Lieutenant Barringer and his men know there was a fifth inmate, but they're so sure that Bruce Raymond is the killer they don't give much thought to patient X, especially after that nasty incident on the roof. Nor do they take into account Karen's unswerving loyalty to her husband which is putting all their lives at risk .....
Bloch rated
Night-World among the five of his own novels he was fondest of and, despite a too-convenient ending, it's well worth your time. It also helps that it's surely the author's most Groovy Age moment. Pop Culture references abound - the Zodiac killer: zombified long hairs grumbling about the "fuzz": "Look, Mom - is that a real hippie?": hot pants. The chapter devoted to Tony Rodell name-checks three hot imaginary bands - The Up Yours, The Wall-To-Wall Sewer and Stockyard Slim & The Pigs - while a record shop on Sunset Strip is running a promotion for the album
1971's Oldies But Goodies). Best of all are Bloch's lapses into his approximation of hipster speak (Chapter 14) and:
"In the foreground, arms folded defiantly across his bare chest, a scowling young man with shaggy hair tumbling across his forehead, the slitted stare of his heavy-lidded eyes suggesting the acid-head. Striped trousers, very tight in the crotch, just suggesting.
Behind him, the girl — all angularity and elbows, hands on hips and legs out-thrust.
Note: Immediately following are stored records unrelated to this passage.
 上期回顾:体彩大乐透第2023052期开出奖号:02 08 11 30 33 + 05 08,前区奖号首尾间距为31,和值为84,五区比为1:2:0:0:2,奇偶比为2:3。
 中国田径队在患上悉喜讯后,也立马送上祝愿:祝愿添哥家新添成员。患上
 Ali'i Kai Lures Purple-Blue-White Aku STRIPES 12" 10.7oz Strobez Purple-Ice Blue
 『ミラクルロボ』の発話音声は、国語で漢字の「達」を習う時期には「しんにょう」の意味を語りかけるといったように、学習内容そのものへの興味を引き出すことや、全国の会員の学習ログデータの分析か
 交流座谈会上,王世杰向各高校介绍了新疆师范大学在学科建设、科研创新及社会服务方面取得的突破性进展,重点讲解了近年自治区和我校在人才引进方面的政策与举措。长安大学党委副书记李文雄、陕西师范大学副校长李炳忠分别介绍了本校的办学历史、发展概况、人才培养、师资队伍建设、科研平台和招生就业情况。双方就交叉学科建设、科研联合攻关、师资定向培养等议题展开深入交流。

Long straight hair strand-strung on either side of exaggeratedly high cheekbones and sullen slash mouth. The young witch, suffering from malnutrition or stardom in an Andy Warhol film.
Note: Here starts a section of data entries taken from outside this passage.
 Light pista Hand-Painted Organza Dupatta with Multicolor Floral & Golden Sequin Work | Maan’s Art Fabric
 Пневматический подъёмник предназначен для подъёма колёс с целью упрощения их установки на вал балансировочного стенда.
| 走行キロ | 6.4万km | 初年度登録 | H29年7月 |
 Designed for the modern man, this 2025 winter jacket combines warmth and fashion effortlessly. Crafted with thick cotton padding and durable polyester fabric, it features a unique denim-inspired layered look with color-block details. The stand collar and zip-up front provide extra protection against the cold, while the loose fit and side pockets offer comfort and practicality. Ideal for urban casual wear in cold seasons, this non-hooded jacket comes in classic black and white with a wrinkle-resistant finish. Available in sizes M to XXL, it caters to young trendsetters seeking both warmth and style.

Midway between the two, a chopper or bike. Not a motor-cycle — only the pigs ride motorcycles;
we ride hogs.
Karen made a mental note of the distinction: pigs are bad, hogs are good. If she referred to the machine at all in the copy block, she must remember that. On the other hand, the ad was for the striped pants, and she'd better concentrate on the chandise. She began to run through phrases, discarding as she went. Dig, bag, with it, doing your thing - last year's vocabulary, but a dead language today. And the New Generation was presently known as the Beautiful People. Their clothes would be heavy, or funky. Gear."